An audit by the U.S. Department of Labor’s Office of the Inspector General of its Office of Workers’ Compensation Programs found that the program failed to ensure adequate pricing and prescription oversight for the program, resulting in $321.3 million in overspending.
In a report issued Tuesday, the audit found numerous problems with the Federal Employees’ Compensation Act program, which covers federal and postal workers, including that it “lacked a pharmacy benefits manager to help contain costs and had not determined alternative methods for pricing prescription drugs would be more competitive.”
Outside auditors analyzed six years of drug data and studied policies, procedures and other documentation. They also compared the FECA program to industry best practices and other workers̵7; compensation programs.
In addition to identifying overspending during the audit period between 2015 and 2020, auditors found that OWCP did not effectively monitor drug policy changes to ensure implementation, resulting in claimants receiving thousands of inappropriate prescriptions and potentially lethal drugs, including 1,330 prescriptions for rapid-acting fentanyl, even after to have issued a policy restricting its use.
The audit also found that OWCP failed to monitor prescription drugs that are carefully reviewed and rarely covered by workers’ compensation programs, and likely overused drugs “that may not have been necessary or appropriate.”
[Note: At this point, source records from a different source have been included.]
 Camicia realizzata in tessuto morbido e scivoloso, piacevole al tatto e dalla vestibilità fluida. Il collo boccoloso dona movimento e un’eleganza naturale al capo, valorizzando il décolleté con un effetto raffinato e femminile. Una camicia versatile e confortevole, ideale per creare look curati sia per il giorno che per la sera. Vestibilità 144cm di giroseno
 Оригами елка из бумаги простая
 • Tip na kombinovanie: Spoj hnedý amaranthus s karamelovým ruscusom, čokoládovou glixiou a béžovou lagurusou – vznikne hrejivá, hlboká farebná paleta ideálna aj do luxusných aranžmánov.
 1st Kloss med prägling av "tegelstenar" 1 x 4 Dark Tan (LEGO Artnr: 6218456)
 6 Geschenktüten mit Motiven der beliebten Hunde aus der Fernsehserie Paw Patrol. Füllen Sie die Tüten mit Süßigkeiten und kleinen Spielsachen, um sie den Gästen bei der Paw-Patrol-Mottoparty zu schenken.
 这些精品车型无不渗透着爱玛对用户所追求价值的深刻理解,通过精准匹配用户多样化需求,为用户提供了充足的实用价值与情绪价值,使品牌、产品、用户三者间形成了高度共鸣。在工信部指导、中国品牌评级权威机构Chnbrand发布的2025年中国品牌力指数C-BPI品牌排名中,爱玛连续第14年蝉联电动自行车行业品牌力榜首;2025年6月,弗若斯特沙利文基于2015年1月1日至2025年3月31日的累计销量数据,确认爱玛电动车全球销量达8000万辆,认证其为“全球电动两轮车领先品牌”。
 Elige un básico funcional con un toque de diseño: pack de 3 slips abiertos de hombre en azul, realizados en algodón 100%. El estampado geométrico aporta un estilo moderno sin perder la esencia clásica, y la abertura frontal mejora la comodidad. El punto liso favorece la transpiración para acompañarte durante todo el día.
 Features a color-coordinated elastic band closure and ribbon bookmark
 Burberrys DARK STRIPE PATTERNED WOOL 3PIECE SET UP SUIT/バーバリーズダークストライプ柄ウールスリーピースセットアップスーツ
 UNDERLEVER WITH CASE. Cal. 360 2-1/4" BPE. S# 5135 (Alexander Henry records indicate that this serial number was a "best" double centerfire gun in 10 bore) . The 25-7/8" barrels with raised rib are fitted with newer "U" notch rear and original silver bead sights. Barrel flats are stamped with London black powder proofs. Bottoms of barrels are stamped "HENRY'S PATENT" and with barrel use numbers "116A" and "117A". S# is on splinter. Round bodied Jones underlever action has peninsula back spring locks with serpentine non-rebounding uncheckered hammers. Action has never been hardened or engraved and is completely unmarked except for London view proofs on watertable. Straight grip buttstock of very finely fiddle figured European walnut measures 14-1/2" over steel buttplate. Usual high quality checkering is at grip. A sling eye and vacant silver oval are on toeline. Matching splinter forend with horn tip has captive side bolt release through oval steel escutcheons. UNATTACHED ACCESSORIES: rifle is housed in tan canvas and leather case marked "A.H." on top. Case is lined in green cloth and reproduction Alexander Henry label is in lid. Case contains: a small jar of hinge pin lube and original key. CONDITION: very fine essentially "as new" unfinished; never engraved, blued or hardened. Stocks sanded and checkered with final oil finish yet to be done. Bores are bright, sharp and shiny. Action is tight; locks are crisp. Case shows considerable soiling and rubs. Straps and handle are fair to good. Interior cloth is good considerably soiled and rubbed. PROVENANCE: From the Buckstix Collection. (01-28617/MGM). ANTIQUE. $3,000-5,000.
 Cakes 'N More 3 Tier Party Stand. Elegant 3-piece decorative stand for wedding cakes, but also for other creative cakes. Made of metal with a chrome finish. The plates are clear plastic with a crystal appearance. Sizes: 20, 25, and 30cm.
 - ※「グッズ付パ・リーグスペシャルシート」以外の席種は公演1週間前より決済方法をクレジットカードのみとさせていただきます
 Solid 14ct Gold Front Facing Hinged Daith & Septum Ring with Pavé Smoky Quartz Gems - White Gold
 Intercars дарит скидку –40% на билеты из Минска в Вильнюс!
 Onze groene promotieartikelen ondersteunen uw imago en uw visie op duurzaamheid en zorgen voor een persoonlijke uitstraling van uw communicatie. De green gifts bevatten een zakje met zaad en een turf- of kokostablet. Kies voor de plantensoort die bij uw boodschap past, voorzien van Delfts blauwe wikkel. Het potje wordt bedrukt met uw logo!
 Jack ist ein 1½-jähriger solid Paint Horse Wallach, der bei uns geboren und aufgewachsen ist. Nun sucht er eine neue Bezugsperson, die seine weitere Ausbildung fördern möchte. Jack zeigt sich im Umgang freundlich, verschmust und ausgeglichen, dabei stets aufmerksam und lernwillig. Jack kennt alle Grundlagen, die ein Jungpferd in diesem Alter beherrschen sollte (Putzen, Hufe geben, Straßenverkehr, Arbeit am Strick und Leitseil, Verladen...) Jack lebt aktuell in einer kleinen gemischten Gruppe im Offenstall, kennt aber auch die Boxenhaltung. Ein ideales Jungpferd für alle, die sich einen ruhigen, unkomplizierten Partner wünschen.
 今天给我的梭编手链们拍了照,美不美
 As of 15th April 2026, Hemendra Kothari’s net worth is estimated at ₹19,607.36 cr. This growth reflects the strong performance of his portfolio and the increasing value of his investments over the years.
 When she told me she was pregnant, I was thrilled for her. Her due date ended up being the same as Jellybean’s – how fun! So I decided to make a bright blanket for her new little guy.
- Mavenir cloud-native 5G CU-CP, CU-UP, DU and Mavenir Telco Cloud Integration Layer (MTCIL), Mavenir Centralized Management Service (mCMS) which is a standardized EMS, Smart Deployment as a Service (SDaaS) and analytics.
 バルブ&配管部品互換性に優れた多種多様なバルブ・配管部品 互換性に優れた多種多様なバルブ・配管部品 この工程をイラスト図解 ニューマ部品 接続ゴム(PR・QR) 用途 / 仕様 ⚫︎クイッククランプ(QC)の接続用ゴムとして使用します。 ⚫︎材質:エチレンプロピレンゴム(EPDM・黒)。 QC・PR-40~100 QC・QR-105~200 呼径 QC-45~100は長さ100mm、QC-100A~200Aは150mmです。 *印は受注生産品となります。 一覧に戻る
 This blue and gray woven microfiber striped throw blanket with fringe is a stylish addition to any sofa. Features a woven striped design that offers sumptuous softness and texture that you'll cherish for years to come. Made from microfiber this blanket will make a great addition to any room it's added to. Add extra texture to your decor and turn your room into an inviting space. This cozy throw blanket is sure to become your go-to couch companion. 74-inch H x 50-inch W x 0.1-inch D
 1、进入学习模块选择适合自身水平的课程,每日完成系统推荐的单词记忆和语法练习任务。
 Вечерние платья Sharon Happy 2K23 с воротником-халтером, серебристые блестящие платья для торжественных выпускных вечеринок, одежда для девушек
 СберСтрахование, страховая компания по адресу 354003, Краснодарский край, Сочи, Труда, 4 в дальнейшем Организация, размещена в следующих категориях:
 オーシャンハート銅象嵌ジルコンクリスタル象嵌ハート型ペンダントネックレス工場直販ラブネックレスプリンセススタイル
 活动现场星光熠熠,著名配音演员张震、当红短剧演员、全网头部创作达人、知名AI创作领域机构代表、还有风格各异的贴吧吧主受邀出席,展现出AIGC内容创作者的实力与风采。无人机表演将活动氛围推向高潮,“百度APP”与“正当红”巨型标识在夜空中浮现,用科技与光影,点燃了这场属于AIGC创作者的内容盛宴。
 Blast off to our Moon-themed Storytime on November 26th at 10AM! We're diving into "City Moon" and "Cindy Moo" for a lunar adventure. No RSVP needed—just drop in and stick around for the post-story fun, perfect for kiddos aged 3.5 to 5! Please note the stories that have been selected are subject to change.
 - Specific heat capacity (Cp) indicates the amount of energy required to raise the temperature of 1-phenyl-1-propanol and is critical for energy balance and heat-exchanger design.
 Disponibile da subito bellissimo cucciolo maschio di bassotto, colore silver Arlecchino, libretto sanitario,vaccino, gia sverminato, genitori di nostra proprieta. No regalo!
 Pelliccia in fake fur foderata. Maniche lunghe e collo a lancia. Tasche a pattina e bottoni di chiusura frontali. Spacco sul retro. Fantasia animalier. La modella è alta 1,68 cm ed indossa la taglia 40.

Auditors also found that OWCP lacked sufficient clinical expertise and guidelines to ensure appropriate medication decisions, which could have a negative impact on claimants’ health, recovery and return to work.
The report included recommendations to strengthen the management of drugs in the FECA program, including ensuring adequate clinical expertise among staff and using evidence-based clinical guidelines to create prescription drug coverage policies. According to the report, OWCP “generally agreed with the recommendations.”